Once communication was possible, Dr Pepperberg taught Alex many different concepts. Over the course of his life, Alex learnt 150 words, how to differentiate between seven colours and five shapes and also understood the concept of numbers and sizes. If you showed Alex two objects, he could answer many questions regarding one object (thus showing that his response was not a conditioned one). For example, if you showed him a small blue key and a large green key, he could answer what colour the larger key was, or which one was the green key. Furthermore, if a plate full of objects of different colours and shapes was presented to him, he could correctly count how many green blocks (or any other shape or colour) there was among the objects. The important point here is that he could pick out just the green blocks, excluding green balls or blue blocks from his answers (showing he fully understood the question and could attribute more than one characteristic to one object). He knew how to express himself, such as saying “Wanna go back” when he was tired, and would give playful, incorrect answers when bored of the repetitious experiments. According to Dr Pepperberg, Alex had the intelligence equal to a dolphin, a great ape or a five year-old child. He also knew how to attain knowledge by asking questions, such as when he asked what colour he was to learn the word “grey”.

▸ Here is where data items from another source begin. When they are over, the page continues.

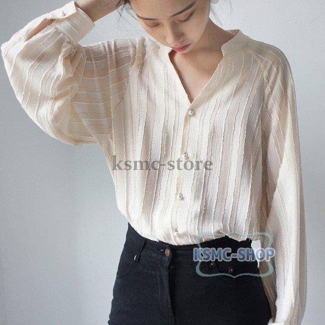 ブラウス シャツ レディース 長袖 Vネック きれいめ カジュアル 韓国風 韓国 ファッション コーデ おすすめ カジュアル きれいめ 大きいサイズ 人気 ゆったり 20代 30代 40代 50代
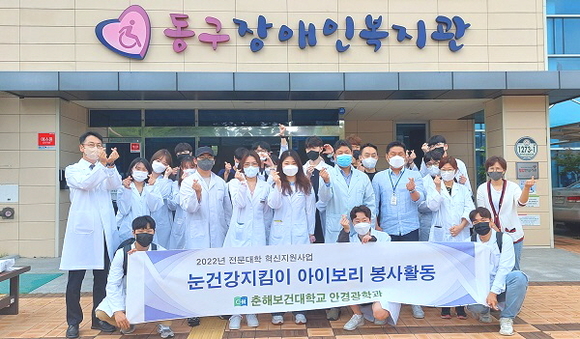 춘해보건대학교 안경광학과는 지난 15일 울산 동구장애인복지관에서 장애인 60여 명을 대상으로 시력측정 및 돋보기를 맞춰드리는 봉사활동을 펼쳤다.
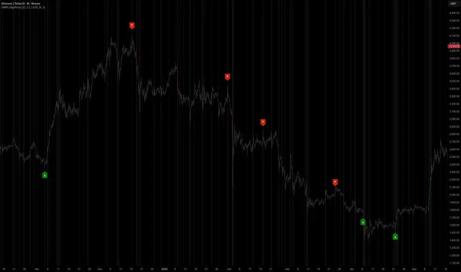 The EMMS indicator is a specialized tool designed to detect these specific moments of potential market manipulation. It does not follow trends in a traditional sense; instead, it identifies high-probability reversal points created by the calculated actions of Smart Money trapping other market participants.
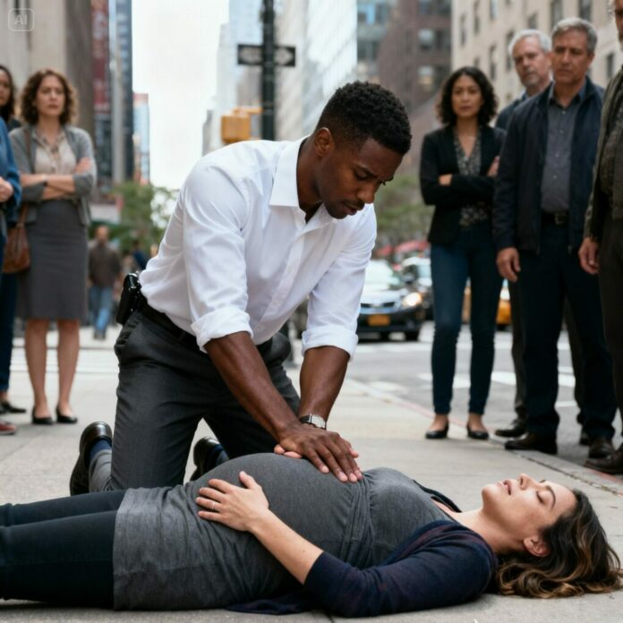 Marcus si inginocchiò immediatamente accanto a lei. Non esitò. Faceva volontariato in una clinica gratuita della comunità da anni; le emergenze non lo spaventavano. “Sono qui”, la rassicurò. “Resta con me, ok? Concentrati solo sul respiro. Lento. Dentro… ed esci…”

Alex, who told us so much about the intelligence of a parrot, unfortunately died in 2007. The night before he died, he said the following last words to Dr Pepperberg: “You be good. I love you”.

Posted in Science & Nature

Northern White-Faced Owl

The northern white-faced owl, found in the Sahara Desert of Africa, is a small, cute bird of about 22~24cm length. It is famous for a very unique defence mechanism. As shown in the photo, it normally has a round, puffy appearance, but when faced with a fearsome predator like a hawk, it undergoes a drastic transformation. The owl shrinks itself as much as possible to avoid the enemy’s attention, while looking like a sick bird that has lost a lot of weight. This appearance gives the predator the impression that the owl is not worth the effort of hunting and lowers the chance of it attacking. The ability to shrink to half its original width is achieved through elongating its body and pulling in its feathers as much as possible. Also, when assuming this shape, the owl always faces the predator and poses at an angle to minimise its exposure.

This transformation is only seen when the owl is placed in front of a large predator like a hawk or a much larger owl. When in front of a similarly-sized owl, it exhibits a different transformation where it flares up its wings to make itself look much larger, intimidating the opposition. But this behaviour is common in many other species of owls, whereas the shrinking performance is a rare behaviour only seen in the northern white-faced owl.